#### TASK
The records below are to be repeated exactly, minus any pictures.

Saved data entries
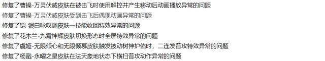 最后则是5款皮肤的Bug修复,曹操的万灵伏威被击飞会变成“轮椅”的问题,也终于要被解决了。对此,你是怎么想的呢?欢迎评论。
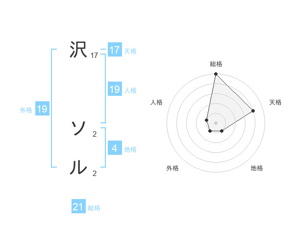 沢 ソルさんの天格は17画の4点!
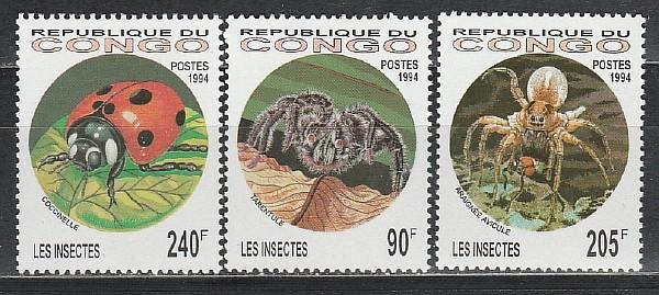 Насекомые, Пауки, Конго 1994 год, 3 марки
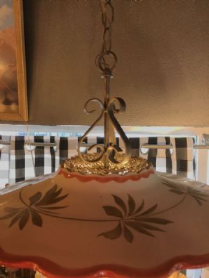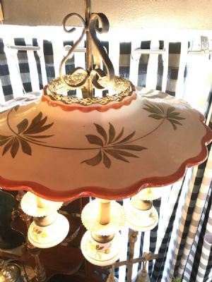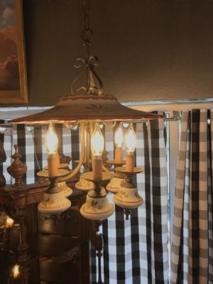 1930's vintage hand painted ceramic chandelier, great cottage or French look. Pierced hand stamped brass banding and brass finials. 6 lights, shown using 65 watt bulbs. Glass chimneys can be used with bulbs, shown here without. Muted colors of greens, rusts and oranges on cream background.
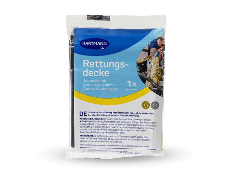 The rescue blanket offers protection against heat and cold and is suitable in various emergency situations such as traffic, skiing, industrial and mountain accidents. The dimensions are 150 x 210 cm
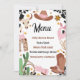 Cardápio de Comida de aniversário Rustic Pink First Rodeo Birthday Sign Bold principalmente com cartaz de comida de aniversário rodeado de uma menina rosa e rosa, com chapéu de vaquinha marrom e rosa, crânio de touro, cacto, corda, luva de vaquinha, botas e muito mais.
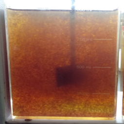 Jar test before P8200L application: low efficiency of floc formation, with light flocs of low density and low settling speed
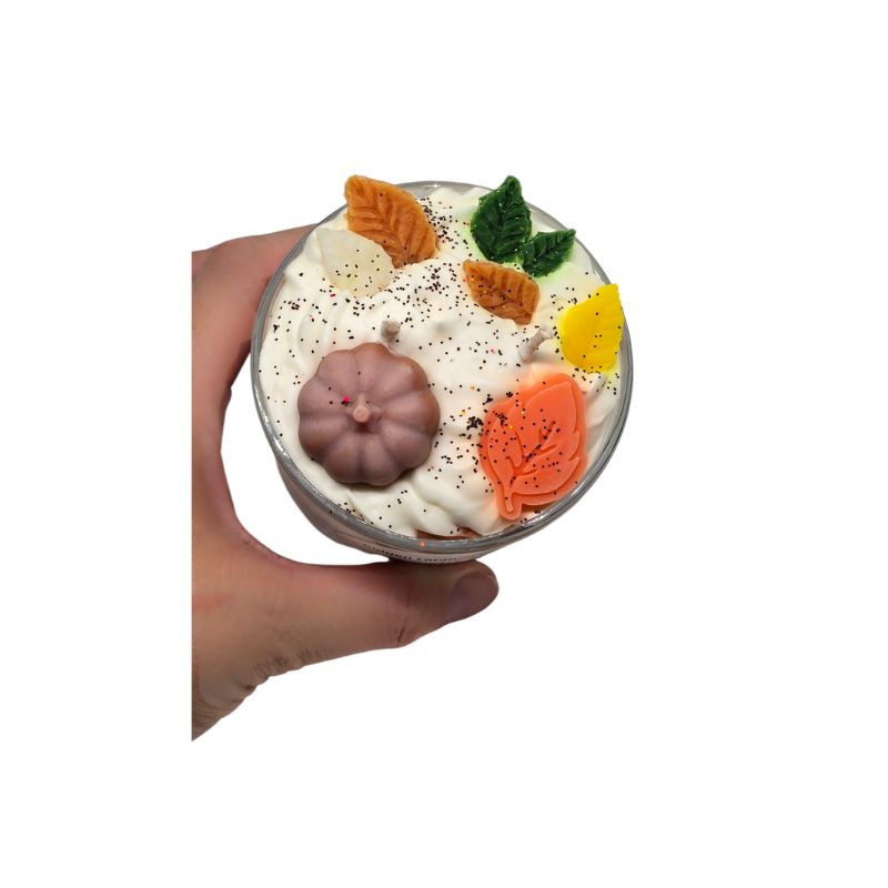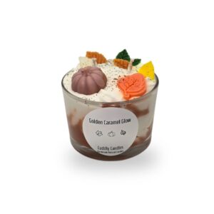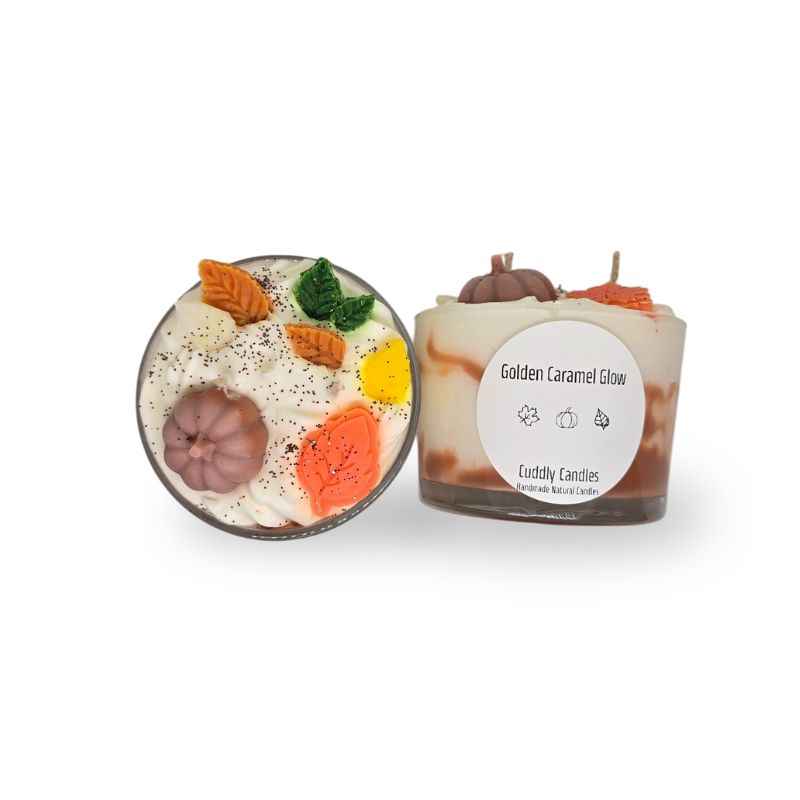 100% Natural Soy Wax Candle with two cotton wicks, presented in a low glass jar. Decorated with two-tone whipped topping, autumn-inspired wax melts, glitter, and infused with the indulgent fragrance of Salty Caramel.
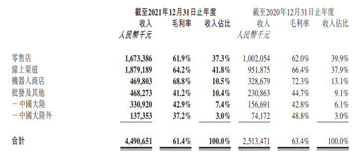 渠道方面,泡泡玛特2021年的收入中,18.79亿元来自线上,同比接近翻番;零售店收入16.73亿元,机器人商店(售货机)收入4.7亿元,批发收入4.45亿元,展会收入2.35亿元。
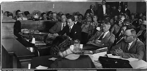 In December, Ormiston was found by newsmen, living quietly in Harrisburg, Pennsylvania. Papers described him being taken without resistance by police while sitting at a typewriter.[120] A Harrisburg detective characterized the affair as a "publicity stunt," but declined to elaborate. Among Ormiston's personal effects were five diplomas from five radio schools and letters implying he had a wife in Brazil.[100] He was escorted to Chicago, Illinois with intent to be transported to Los Angeles. Asa Keyes said he would “do everything in his power” to extradite Ormiston. However, he did not stop in Chicago to pick him up though he traveled near there on his way to and from Washington, D.C. The Chicago police chief denounced Keyes for "yelling to high heaven for his apprehension" but when the fugitive Ormiston was "within reach," Keyes called Ormiston of minimal importance.[102][121] The Chicago police chief lacked proper documents for further action, and to the annoyance of Los Angeles officials, Ormiston was released. When the warrant was finally obtained, Chicago police were ready to transport their expected prisoner, Ormiston, to Los Angeles [122] In the meantime, Ormiston appeared in Los Angeles surrounded by newsmen and was greeted by the entire prosecution staff. Affably, amidst the flashbulbs of photographers, Ormiston accepted his served warrant. His bond was set at $2,500.[123]
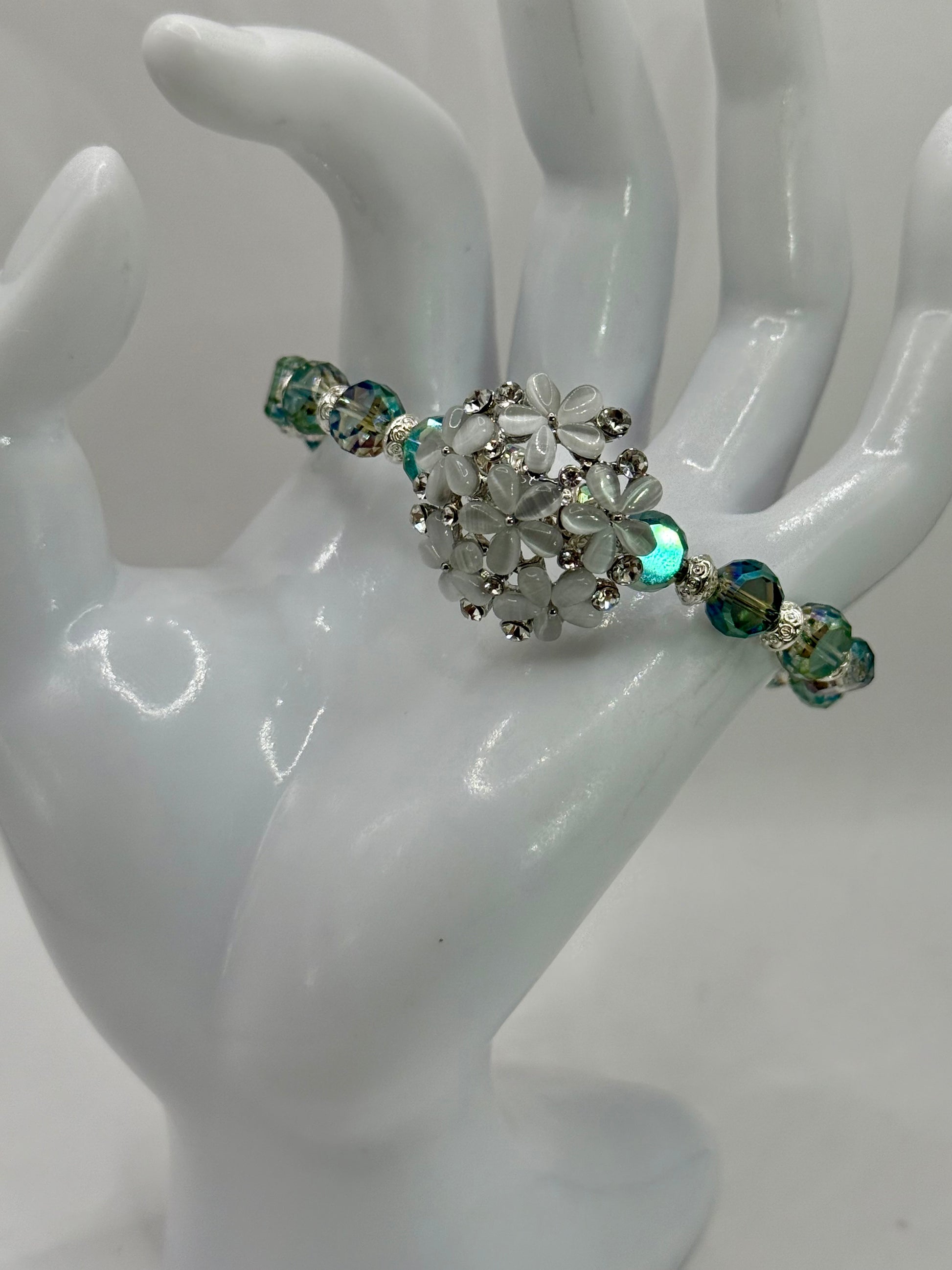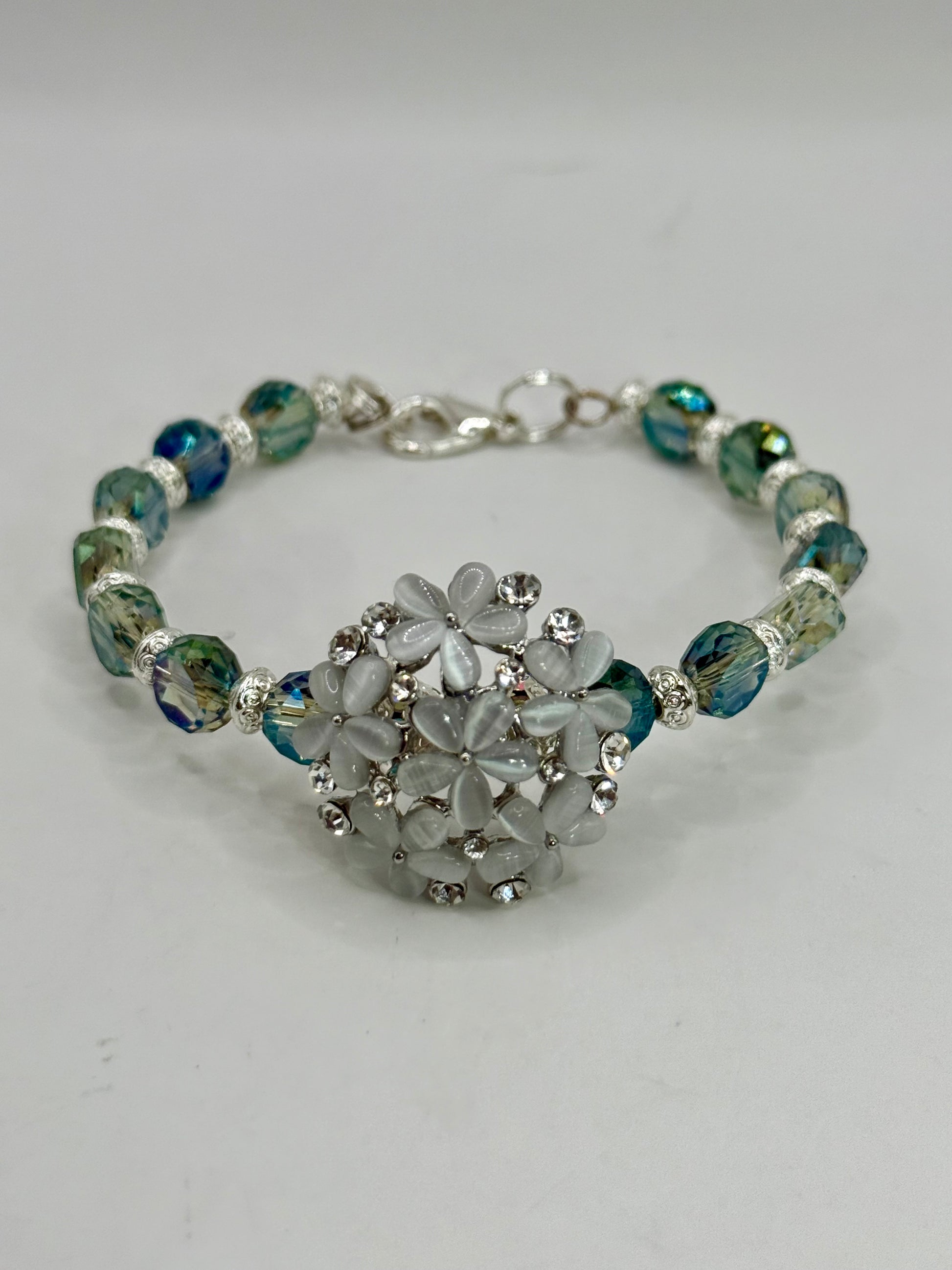 Elegant and eye-catching, this 7.5” floral bracelet features a stunning centerpiece of shimmering white flowers surrounded by sparkling rhinestones. Faceted beads in shades of green, aqua, and clear crystal complete the design, creating a sophisticated piece that’s perfect for any occasion.
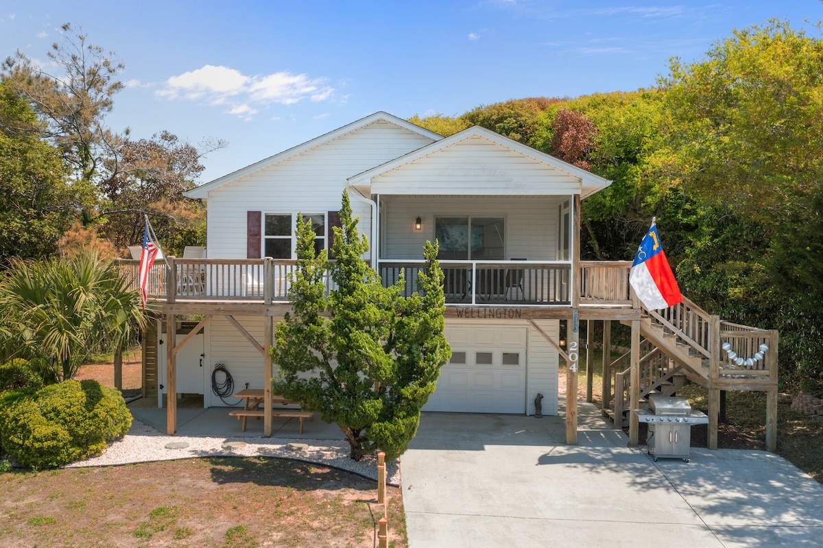 Upplev kustliv när det är som bäst i denna 4BR/3.5BA Beaufort reträtt, mycket nära Beaufort Hotel. Starta en av fyra kajaker för att upptäcka Carrot Island, eller skapa minnen i vårt viltfyllda garage med pingis, cornhole och ringkast. Strandstolar och utrustning tillhandahålls! Åk till centrum vid vattnet (5 cyklar) eller hyr golfbil. Eller njut av den gemensamma bryggan, poolen, klubbhuset och sjön, i grannskapet....Ta ditt morgonkaffe eller eftermiddagscocktail nere vid bryggan.

#### RESPONSE AREA
 最后则是5款皮肤的Bug修复,曹操的万灵伏威被击飞会变成“轮椅”的问题,也终于要被解决了。对此,你是怎么想的呢?欢迎评论。
 沢 ソルさんの天格は17画の4点!
 Насекомые, Пауки, Конго 1994 год, 3 марки
 1930's vintage hand painted ceramic chandelier, great cottage or French look. Pierced hand stamped brass banding and brass finials. 6 lights, shown using 65 watt bulbs. Glass chimneys can be used with bulbs, shown here without. Muted colors of greens, rusts and oranges on cream background.
 The rescue blanket offers protection against heat and cold and is suitable in various emergency situations such as traffic, skiing, industrial and mountain accidents. The dimensions are 150 x 210 cm
 Cardápio de Comida de aniversário Rustic Pink First Rodeo Birthday Sign Bold principalmente com cartaz de comida de aniversário rodeado de uma menina rosa e rosa, com chapéu de vaquinha marrom e rosa, crânio de touro, cacto, corda, luva de vaquinha, botas e muito mais.
 Jar test before P8200L application: low efficiency of floc formation, with light flocs of low density and low settling speed
 100% Natural Soy Wax Candle with two cotton wicks, presented in a low glass jar. Decorated with two-tone whipped topping, autumn-inspired wax melts, glitter, and infused with the indulgent fragrance of Salty Caramel.
 渠道方面,泡泡玛特2021年的收入中,18.79亿元来自线上,同比接近翻番;零售店收入16.73亿元,机器人商店(售货机)收入4.7亿元,批发收入4.45亿元,展会收入2.35亿元。
 In December, Ormiston was found by newsmen, living quietly in Harrisburg, Pennsylvania. Papers described him being taken without resistance by police while sitting at a typewriter.[120] A Harrisburg detective characterized the affair as a "publicity stunt," but declined to elaborate. Among Ormiston's personal effects were five diplomas from five radio schools and letters implying he had a wife in Brazil.[100] He was escorted to Chicago, Illinois with intent to be transported to Los Angeles. Asa Keyes said he would “do everything in his power” to extradite Ormiston. However, he did not stop in Chicago to pick him up though he traveled near there on his way to and from Washington, D.C. The Chicago police chief denounced Keyes for "yelling to high heaven for his apprehension" but when the fugitive Ormiston was "within reach," Keyes called Ormiston of minimal importance.[102][121] The Chicago police chief lacked proper documents for further action, and to the annoyance of Los Angeles officials, Ormiston was released. When the warrant was finally obtained, Chicago police were ready to transport their expected prisoner, Ormiston, to Los Angeles [122] In the meantime, Ormiston appeared in Los Angeles surrounded by newsmen and was greeted by the entire prosecution staff. Affably, amidst the flashbulbs of photographers, Ormiston accepted his served warrant. His bond was set at $2,500.[123]
 Elegant and eye-catching, this 7.5” floral bracelet features a stunning centerpiece of shimmering white flowers surrounded by sparkling rhinestones. Faceted beads in shades of green, aqua, and clear crystal complete the design, creating a sophisticated piece that’s perfect for any occasion.
 Upplev kustliv när det är som bäst i denna 4BR/3.5BA Beaufort reträtt, mycket nära Beaufort Hotel. Starta en av fyra kajaker för att upptäcka Carrot Island, eller skapa minnen i vårt viltfyllda garage med pingis, cornhole och ringkast. Strandstolar och utrustning tillhandahålls! Åk till centrum vid vattnet (5 cyklar) eller hyr golfbil. Eller njut av den gemensamma bryggan, poolen, klubbhuset och sjön, i grannskapet....Ta ditt morgonkaffe eller eftermiddagscocktail nere vid bryggan.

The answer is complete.